The client journey through PIR and the SF role in this journey (adapted from model used by Western Sydney Partners in Recovery)

History of support facilitator type roles in mental health

The term SF is not commonly used outside of the PIR setting. The only relevant use of the term that could be located in the literature was the use of the term ‘supports facilitator’ to describe a similar role working within Disability Services Queensland to support people living with mental illness who had been discharged from psychiatric hospitals into the community [13]. However, the type of role that the SF provides is not unique, with various names being given to similar roles including ‘integration coordinator’, ‘boundary spanner’, ‘care coordinator’, ‘case manager’, ‘system agent’, ‘brokerage case manager’ and ‘broker’ [1316].
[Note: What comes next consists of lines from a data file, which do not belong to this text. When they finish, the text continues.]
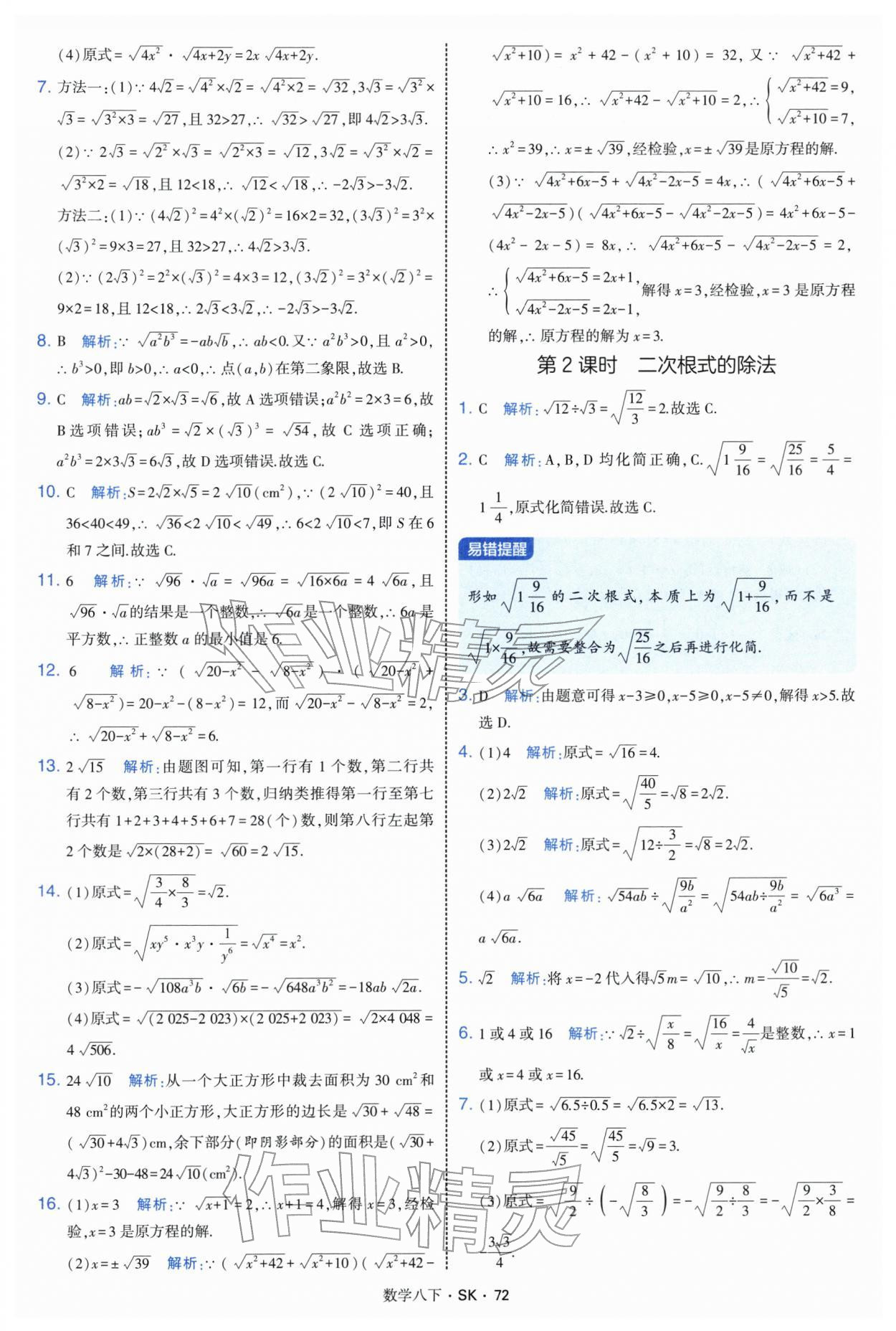 2026年学霸题中题八年级数学下册苏科版参考答案第72页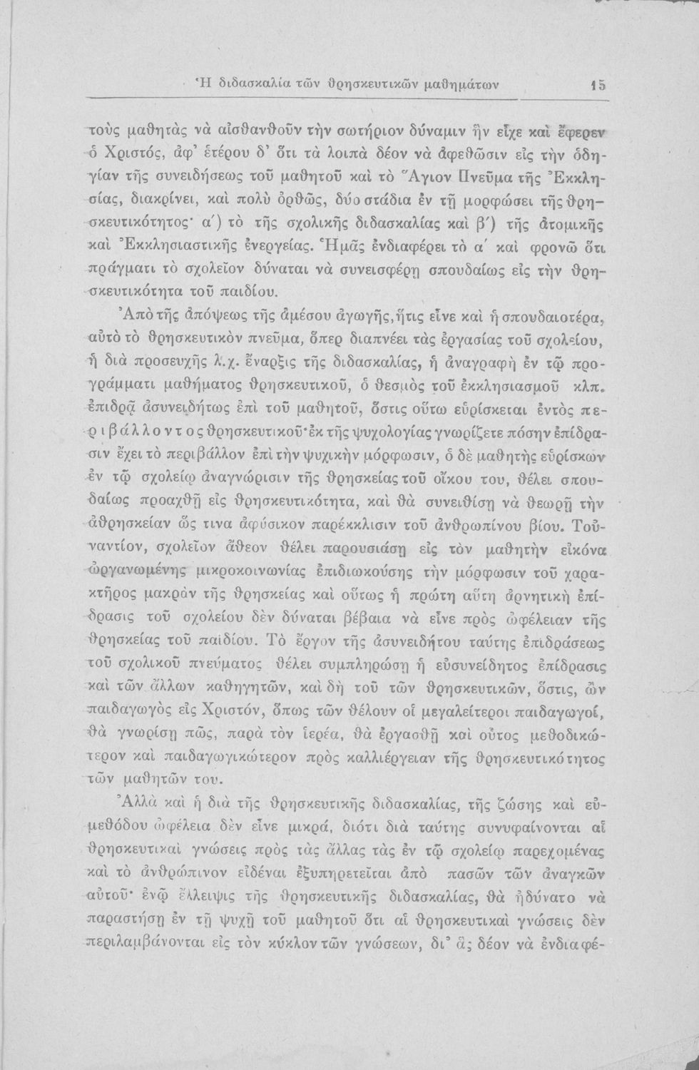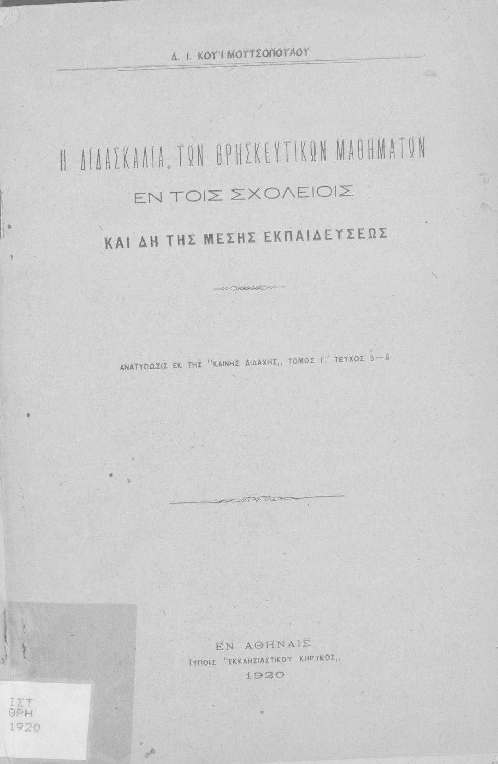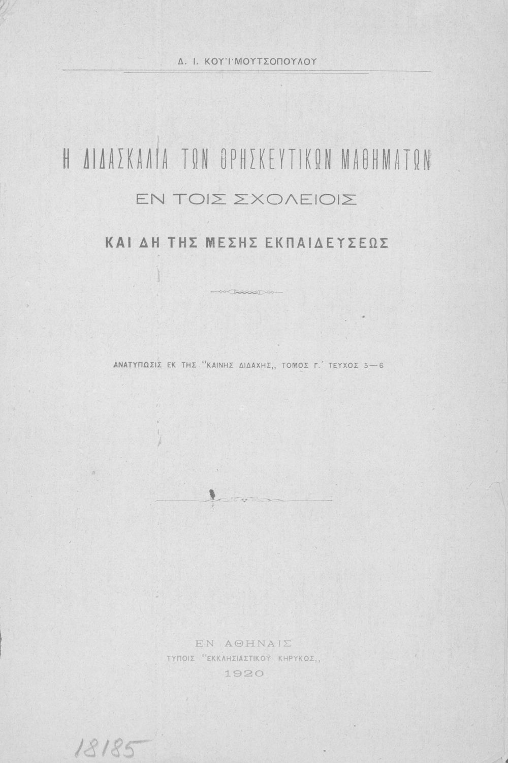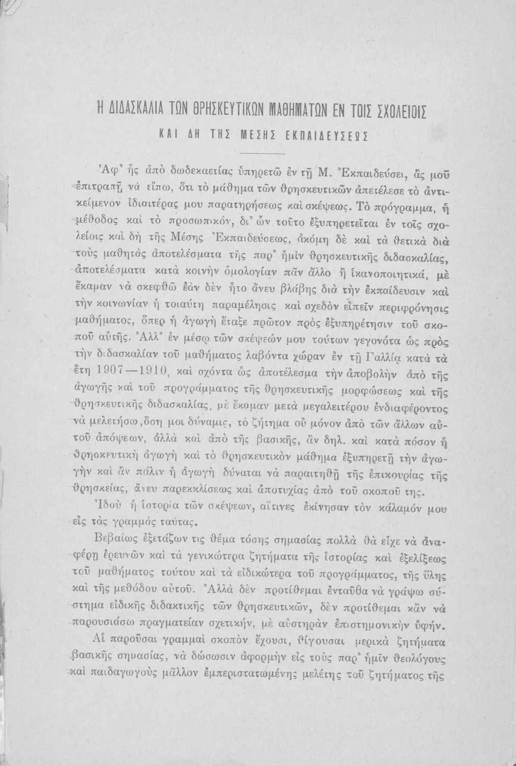 Ανάτυπο άρθρου που δημοσιεύτηκε στην Καινή Διδαχή τόμος Γ΄, τχ. 5-6, ένα περιοδικό που εξέδιδε ο Μητροπολίτης Αθηνών και μετέπειτα Αρχιεπίσκοπος Ελλάδας Μελέτιος, και αποτυπώνει τις απόψεις του συγγραφέα σχετικά με τη διδασκαλία των Θρησκευτικών στη Δευτεροβάθμια Εκπαίδευση. Το άρθρο γράφτηκε με αφορμή την κατάργηση του μαθήματος στα γαλλικά σχολεία το 1907-1910.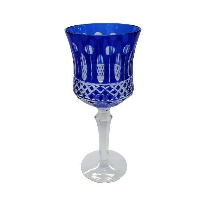 Conjunto de Taças para Água, Lapidado à mão, 6 peças, Azul Escuro em Vidro Cristalino.
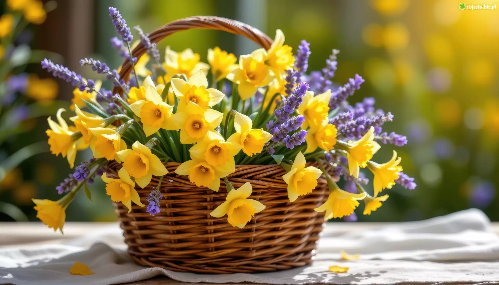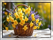 Zdjęcie Wiklinowy, Koszyk, Kwiaty, Narcyzy żonkile, Lawenda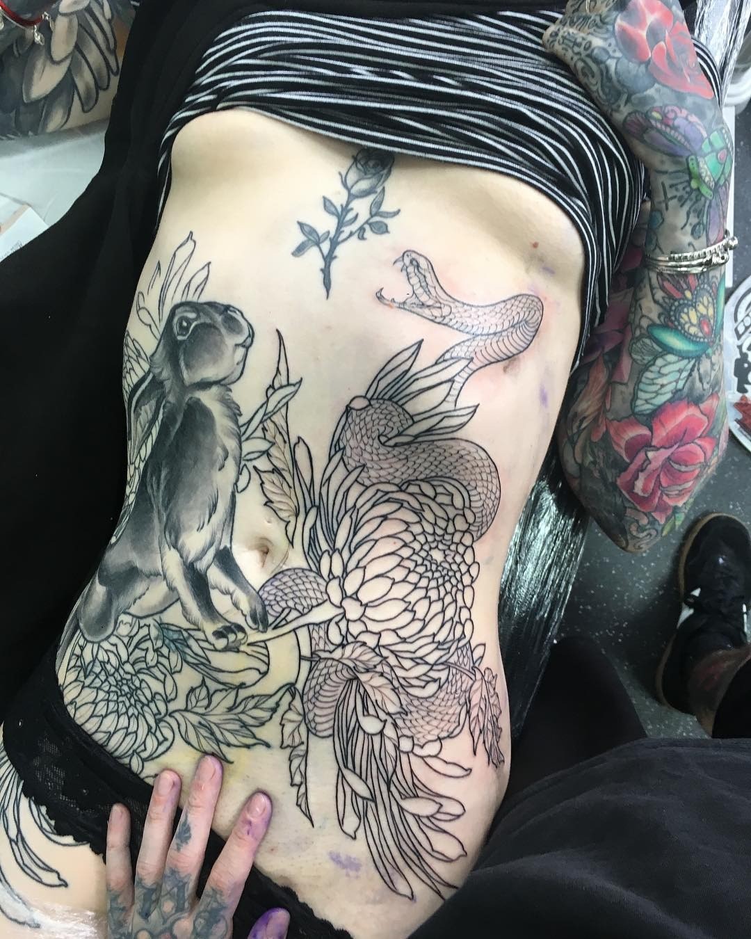 Предупреждаем сразу, если ты решишься на тату на животе, тебя ждет большое испытание. Это одно из самых чувствительных мест! Но оно того стоит, не правда ли?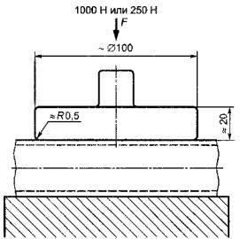 а) две металлические пластины в виде квадрата со стороной 100 мм или две круглые диаметром 100 мм, из которых одна должна быть неподвижна, а другая может перемещаться в направлении, перпендикулярном по отношению к плоскости обеих пластин. Для создания между пластинами давления к подвижной пластине прикладывают нагрузку 250 Н (для СИЗОД класса 1) и 1000 Н (для СИЗОД класса 2). Схема испытания на сплющивание шланга подачи воздуха представлена на рисунке 4;

Although those who designed the SF role have consciously not used the term perhaps to distance themselves from the history of practices associated with the role (see discussion next paragraph), there is a clear link between the history of case management and the development of SFs [2, 4]. The case manager role developed from the 1970 s [14]. It was developed to specifically deal with the context of deinstitutionalisation where individuals who were moved into the community were unable to bring together or manage the services they needed [15]. Burns and Perkins [14, p.213] describe their role as “(1) Assessment of client needs. (2) Development of a comprehensive service plan. (3) Arrangement of service delivery. (4) Monitoring and assessment of services. (5) Evaluation and follow-up.” These initially non-clinical roles were deemed to lack necessary clinical knowledge and were replaced by case managers who had clinical expertise [14, 17]. These ‘clinical case managers’ have been typified by those working in Assertive Community Treatment. Other clinical case managers focus their practice on psychosocial rehabilitation and the strengths model [14]. More recent work has asserted that clinical skills are not necessary to the case management role [16]. Different levels of case management have been identified [16]. The simplest is ‘brokerage’ which includes assessment, care plan development, arrangement of care, evaluation of care provided and maintenance of contact with the client [Holloway in 15]. Other levels of case management offer direct clinical support or offer recovery oriented support by focusing on a client’s skills and abilities e.g. ‘strengths case management’ [15]. The brokerage framework equates most closely with support facilitation in the context of PIR. Support facilitation within PIR includes case-finding, assessment of needs, service finding, evaluation of needs met and case closure but does not extend to the more intensive roles of clinical management or psychosocial support, although these needs will be identified and clients referred to appropriate services if these are needs expressed by the client.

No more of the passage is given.